Response 4: Thanks for your suggestions. By quantitative calculation, we chose x= 0.04, 0.7 and 0.1 to make the mass contents of Fe2O3 in x-SnO2/α-Fe2O3 between 70% and 90%.
Comment 5: It is suggested to bring the Results and discussion section with an independent number, i.e.” 3. Results and discussion”.
Response 5: Thanks for your suggestions. The “2.5 Results and discussion” part in the first manuscript has been changed to “23. Results and discussion” part in the revision. Please check in line 137.The “3. Conclusion” part has been changed to “4. Conclusion” Part in line 279.
Comment 6: Regarding the synthesized particle size, it should be calculated and discussed between the XRD and FESEM results. For this purpose, it is recommended to study and refer to the appropriate source to calculate the crystallite size and particle size.
Response 6: Thanks for your suggestions. In the revision, the particle size was estimated using the Scherrer’s equation [X. Ai et al. Applied Surface Science 428 (2018) 788–792 as Ref 44]
The particle sizes basically agree with the results from the SEM as shown in Figure 2a. Please check lines 147-150.
We sincerely appreciate your time and effort to check our manuscript again.
Best regards
Instead of all co-authors for this submission by:
Xianmin Zhang, Ph.D.
Reviewer 5 Report
The manuscript was aimed at Enhancing photo-Fenton activity of SnO2/α-Fe2O3 composites, highlighting interesting results. However, minor comments listed below should be addressed:
- Abstract: the aim of this study should be stated.
- The novelty of this work should be emphasized at the end of the introduction to highlight the gap between the current study and previous studies.
- Have the authors performed statistical analyses of the obtained results? Please add a section for statistical analyses, demonstrating the employed software and adopted tests at the end of the methodology. Additionally, how many replicates have been done over the entire experiment?

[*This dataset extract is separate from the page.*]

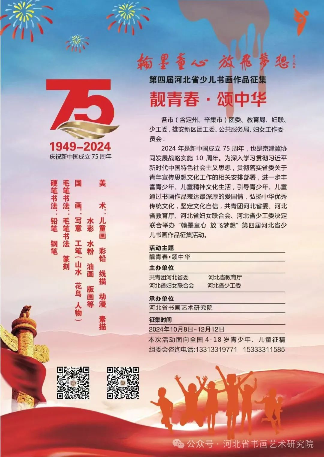 2024年是新中国成立75周年,是实现“十四五”规划目标任务的关键一年。为深入学习贯彻习近平新时代中国特色社会主义思想和党的二十大精神,贯彻落实省委省政府工作部署,加强新时代爱国主义教育,热情讴歌祖国发展成就,引领全省少年儿童弘扬优秀传统文化,坚定文化自信,通过书画作品表达最深厚的爱国情,传递对祖国最真挚的感恩与祝福。共青团河北省委、河北省教育厅、河北省妇女联合会、河北省少工委决定联合举办“翰墨童心 放飞梦想”第四届河北省少儿书画作品展征集活动。本次活动由河北省书画艺术研究院承办。

Please follow this article for this purpose and you could cite it (https://doi.org/10.3390/ijms222313050).
- Fig. 2: I could not view the results of the EDX chart, please improve it or add the results in a table.
- Fig. 5 and 6: please redraw these figures using means of at least three replicates with SD or SEM.
Author Response
In the revision, the result of the EDX chart was individually shown in Figure 2c to make it more clear.
The paper of [titled: Development of Polyvinyl Alcohol/Kaolin Sponges Stimulated by Marjoram as Hemostatic, Antibacterial, and Antioxidant Dressings for Wound Healing Promotion, published in [Int. J. Mol. Sci. 2021, 22(23), 13050] (https://doi.org/10.3390/ijms222313050)] has no relation with our present study. So we can not cite it and fell other suggestions are not suitable for the present study.
Round 2
Reviewer 2 Report
A proper response letter should be provided. A prompt reply is needed for all the questions.
Authors should check again the English (minor spell check required). Example-Line 170-EDS spectra or spectrum.
Reviewer 4 Report
As authors have performed an adequate revise, the manuscript might be accepted for publication in the journal of Materials.